PROBLEM: If a record contains a picture, skip the picture and transcribe the rest exactly.

SUPPLIED MATERIAL:
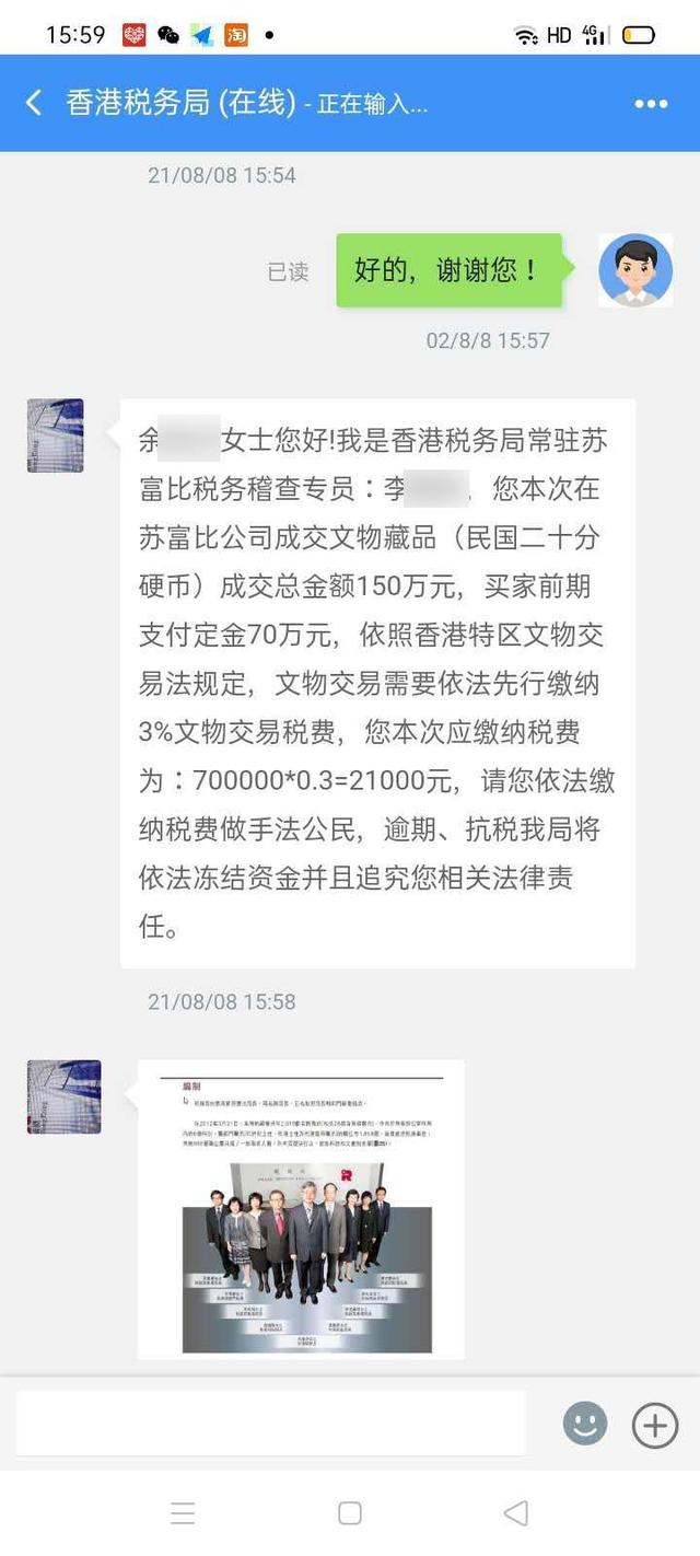 8月8日,余女士惊喜地发现钱币被人拍下,且成交金额达150万元。随后,余女士被拉进微信群,群内一名叫“李总”的人提醒余女士,要先交2万元的保质金,随后买家就会通过公司将70万元定金转给余女士,买卖双方交易成功后,再以同样的方法将剩余的80万元转给余女士。
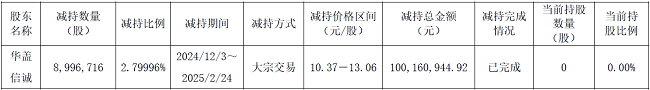 财经2月26日讯 昨日晚间,山外山(688410.SH公告称,公司第五大股东华盖信诚医疗健康投资成都合伙企业(有限合伙(下称“华盖信诚”自2024年12月2日至2025年2月24日期间累计减持其所持有的公司**股份899.67万股,占公司总股本的2.8%,**1亿元。本月,持股5.92%的第四大股东——高瓴资本关联公司珠海岫恒股权投资合伙企业(有限合伙(下称“珠海岫恒”也披露了减持计划,拟减持不超过2.92%的股份。
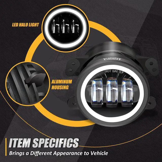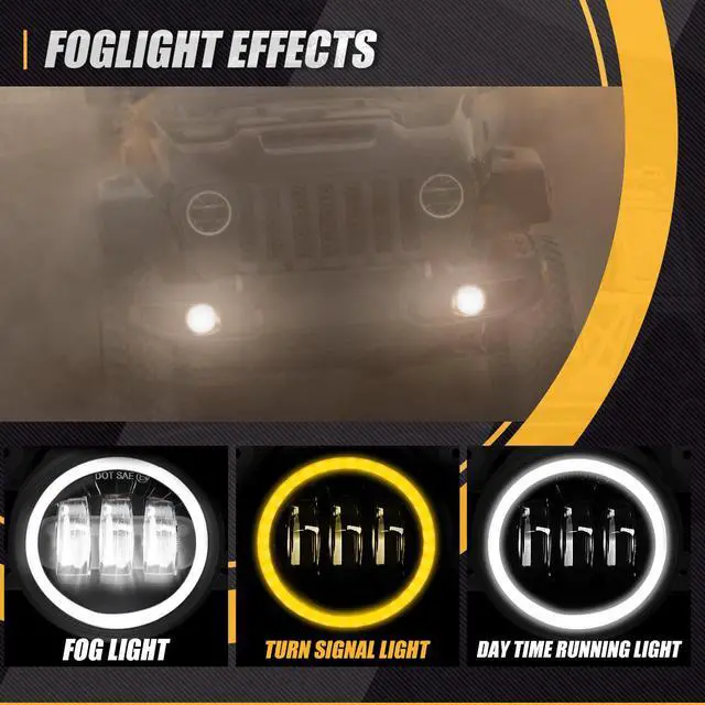 - HALO RING FUNCTION - Three lighting pattern (Fog Light, Turn Signal Light, Day Time Running Light). DRL light with white halo ring and Turn signal function with amber halo ring. Providing high fogligt effects.
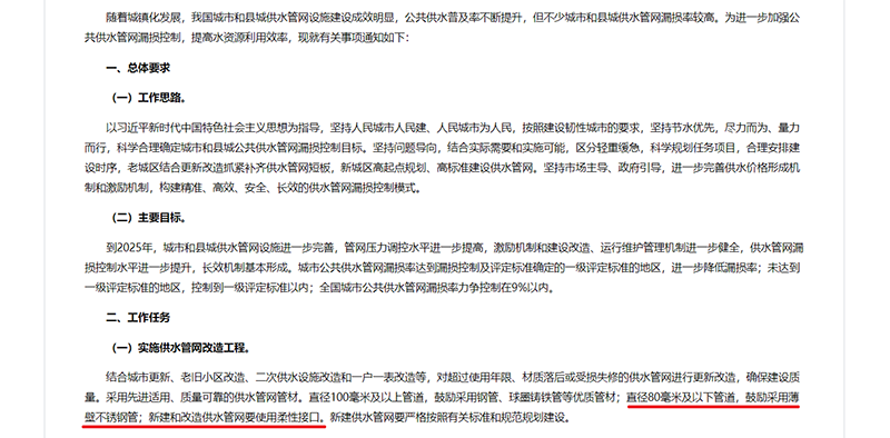 今年年初,住建部、國家發(fā)改委下發(fā)《關(guān)于加強(qiáng)公共飲水管網(wǎng)漏損控制的通知》。通知中再次提出:實(shí)施供水管網(wǎng)改造工程,直徑80毫米及以下管道,鼓勵(lì)采用薄壁不銹管。
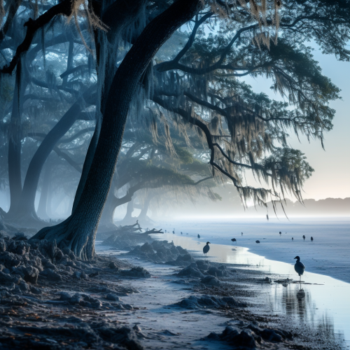 Similar 2 tone (black and light sky blue) image of gulf beach, oak trees with Spanish moss, seagulls, foggy, early morning
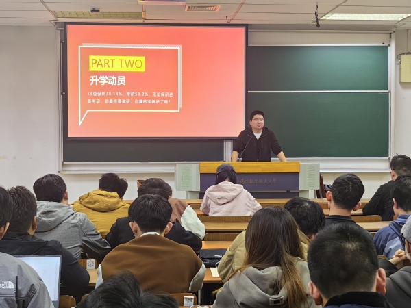 陈越围绕升学就业两个关键词,从学生成绩、学习状态出发,指出了20级学业上的优势和不足,并通过分析毕业生升学就业情况,对相关数据进行纵向对比,建议同学们对标自身能力,合理确定升学目标。就业方面,他重点强调了提前规划的重要性、对如何进行规划做了具体指导。此外,他预告了学院职业素质训练营的详细安排,为同学们升学就业保驾护航。
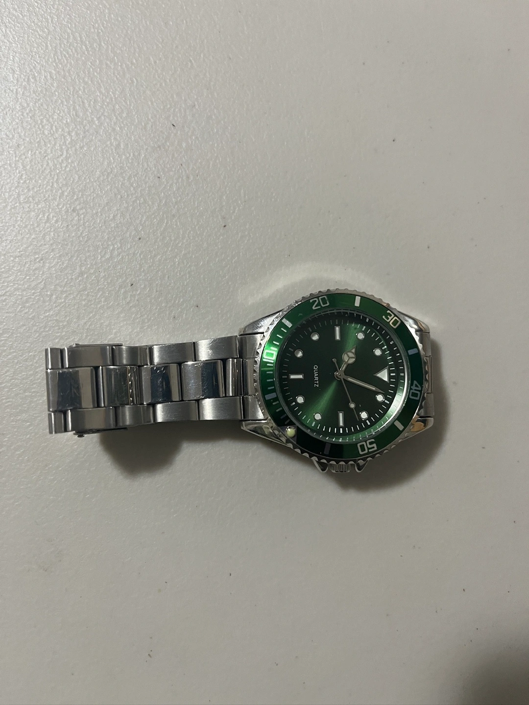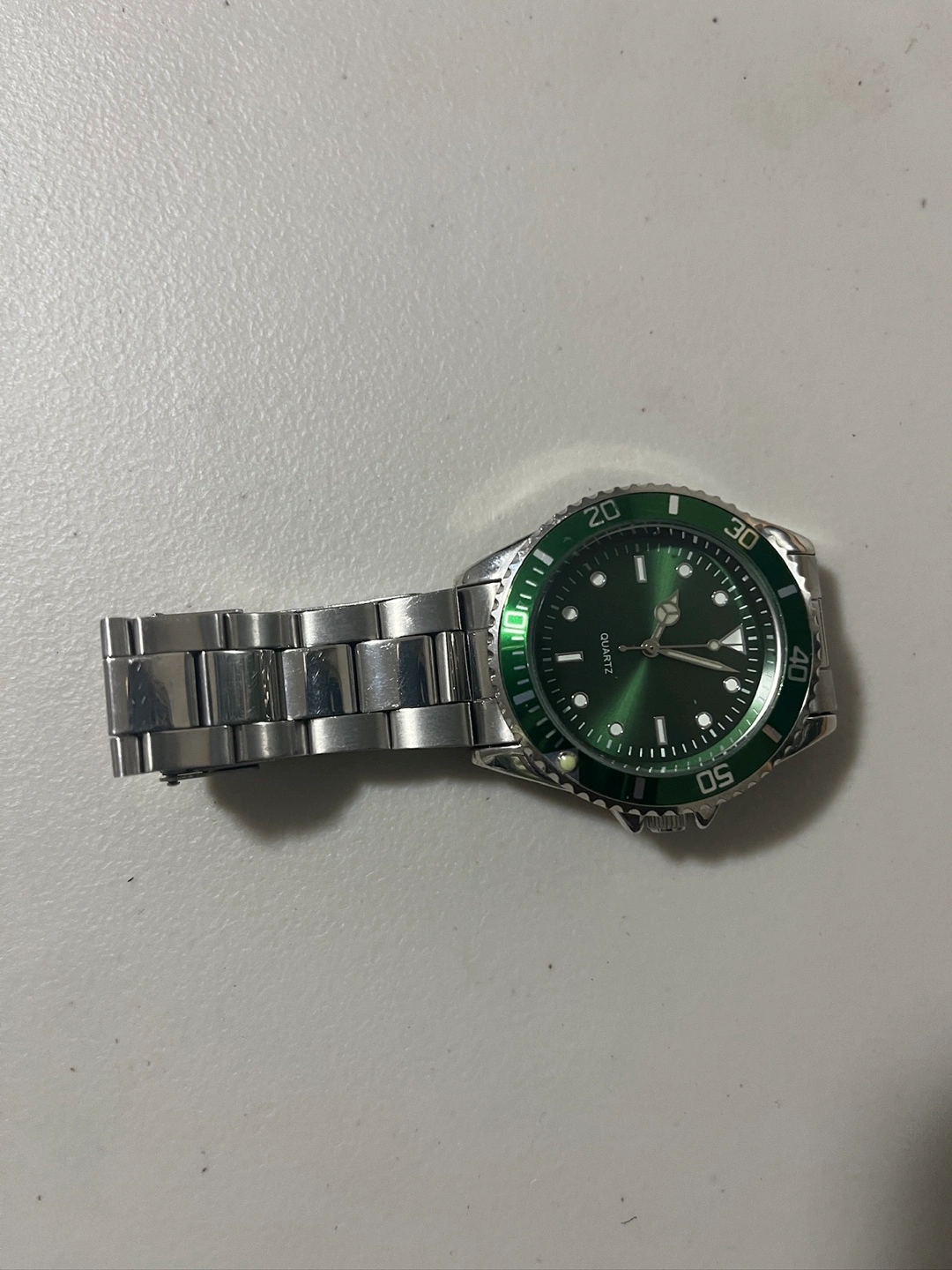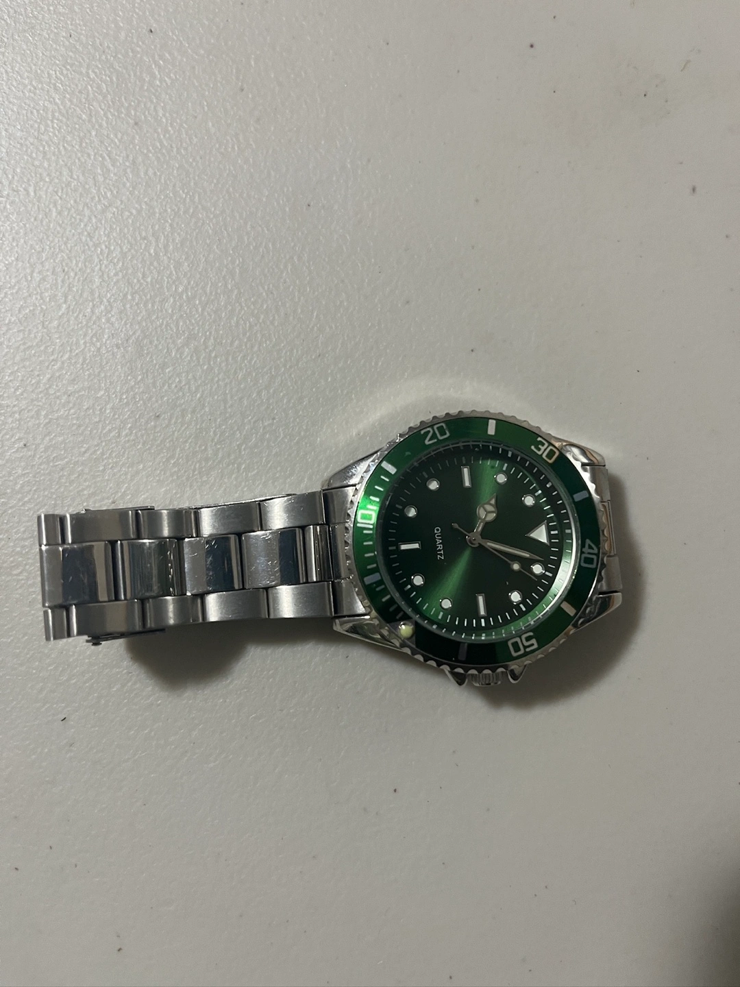 Selling a Quartz watch with a silver band and a green face. It's in great condition and ready for a new home!
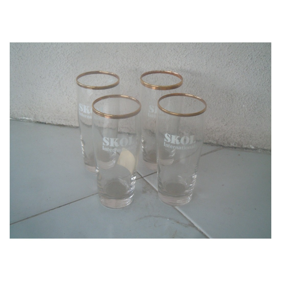 4 Pezzi bicchiere vetro pubblicitario birra Skol
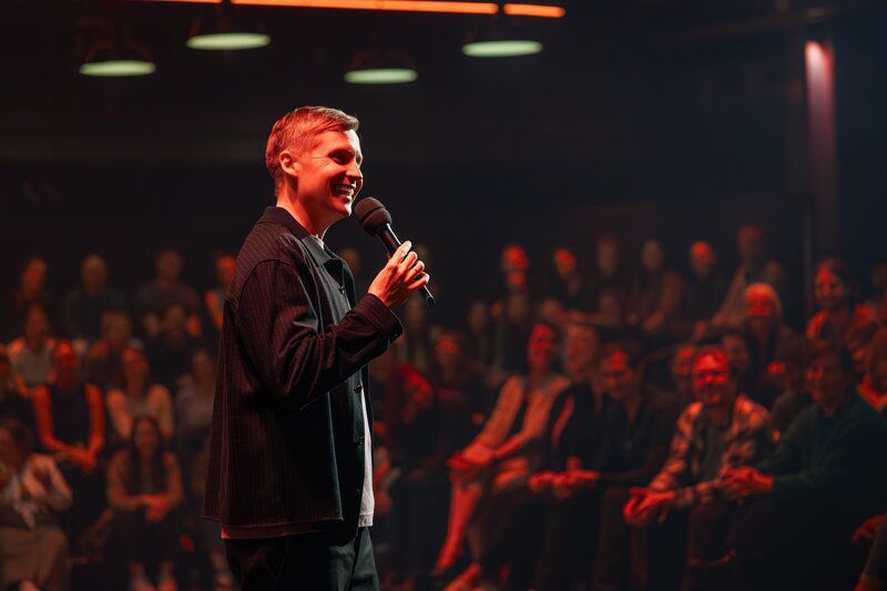 Gastgeber und Stand-Up-Comedian Till Reiners freut sich auf eine neue Ausgabe seiner "Happy Hour".

WORKED SOLUTION:
 8月8日,余女士惊喜地发现钱币被人拍下,且成交金额达150万元。随后,余女士被拉进微信群,群内一名叫“李总”的人提醒余女士,要先交2万元的保质金,随后买家就会通过公司将70万元定金转给余女士,买卖双方交易成功后,再以同样的方法将剩余的80万元转给余女士。
 财经2月26日讯 昨日晚间,山外山(688410.SH公告称,公司第五大股东华盖信诚医疗健康投资成都合伙企业(有限合伙(下称“华盖信诚”自2024年12月2日至2025年2月24日期间累计减持其所持有的公司**股份899.67万股,占公司总股本的2.8%,**1亿元。本月,持股5.92%的第四大股东——高瓴资本关联公司珠海岫恒股权投资合伙企业(有限合伙(下称“珠海岫恒”也披露了减持计划,拟减持不超过2.92%的股份。
 - HALO RING FUNCTION - Three lighting pattern (Fog Light, Turn Signal Light, Day Time Running Light). DRL light with white halo ring and Turn signal function with amber halo ring. Providing high fogligt effects.
 今年年初,住建部、國家發(fā)改委下發(fā)《關(guān)于加強(qiáng)公共飲水管網(wǎng)漏損控制的通知》。通知中再次提出:實(shí)施供水管網(wǎng)改造工程,直徑80毫米及以下管道,鼓勵(lì)采用薄壁不銹管。
 Similar 2 tone (black and light sky blue) image of gulf beach, oak trees with Spanish moss, seagulls, foggy, early morning
 陈越围绕升学就业两个关键词,从学生成绩、学习状态出发,指出了20级学业上的优势和不足,并通过分析毕业生升学就业情况,对相关数据进行纵向对比,建议同学们对标自身能力,合理确定升学目标。就业方面,他重点强调了提前规划的重要性、对如何进行规划做了具体指导。此外,他预告了学院职业素质训练营的详细安排,为同学们升学就业保驾护航。
 Selling a Quartz watch with a silver band and a green face. It's in great condition and ready for a new home!
 4 Pezzi bicchiere vetro pubblicitario birra Skol
 Gastgeber und Stand-Up-Comedian Till Reiners freut sich auf eine neue Ausgabe seiner "Happy Hour".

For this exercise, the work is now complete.